The difference between data and information is not simple. It is not just a question of terminology. It involves important concepts of computer science, including programming language syntax, semantics, application domain modeling, and computational problem-solving. Information is data plus context. Context includes how data is represented (its data type or syntax), how it relates to other data, objects, concepts, or actions (its semantics), and the computations that data enables to solve problems (to use the data). Often the distinction between data and information is relative because it depends on the use of the data.

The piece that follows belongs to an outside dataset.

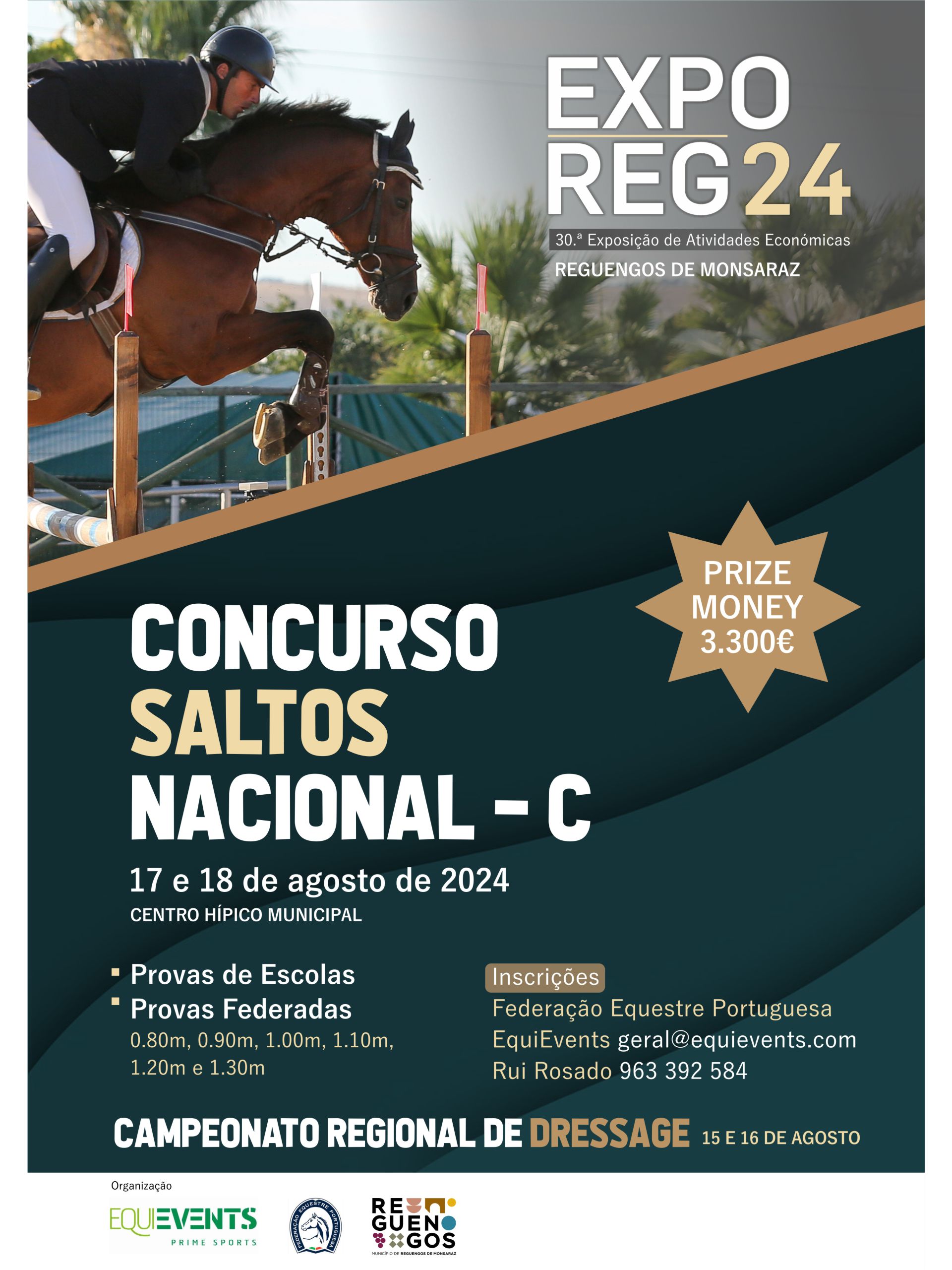 Nos dias 17 e 18 de agosto de 2024, o Centro Hípico Municipal de Reguengos de Monsaraz será palco do Concurso de Saltos Nacional-C, durante o evento EXPOREG 24. A competição promete momentos de alta adrenalina para os amantes do desporto equestre, com provas em diversas categorias, desde escolas até federadas, e obstáculos que variam entre 0,80m e 1,30m. O evento contará com um prize money total de 3.300€.

Think of a variety of different data types and values. Which of the examples are information, which are data, and why? The semantics associated with the data determines whether or not data is useful, and, therefore, whether or not it is information. Note that 'useful' is relative: what is useful to you may not be useful to me. To review, read this chapter.

 

1b. contrast file processing systems and database systems, relating problems of the former that are addressed by features of the latter

  • Why are database systems more useful than file processing systems? 
  • What are some of the problems with file processing? Are they solved by database systems? 

Early applications stored large amounts of data in files, which were used by one or more related programs to perform computations. This required semantic dependencies among the files and programs, resulting in significant effort when a change was made. Fewer dependencies result in easier changes. However, larger and more complicated applications introduce many dependencies. How would you remove dependencies so that many programs could use easily use the data in the files? If the semantic dependencies were removed from the programs and stored with the data files, then changes to the data would not require changes to the programs and more programs could more easily use the data. How would you do that? You could add semantics to the data to make it usable (that is, to make it information). How could you turn data into information? Simply by adding relationships among the data and descriptions of the data – that is, properties, restrictions, and constraints on the data. These are called metadata. To review, study the diagram in Chapter 2 of Database Design.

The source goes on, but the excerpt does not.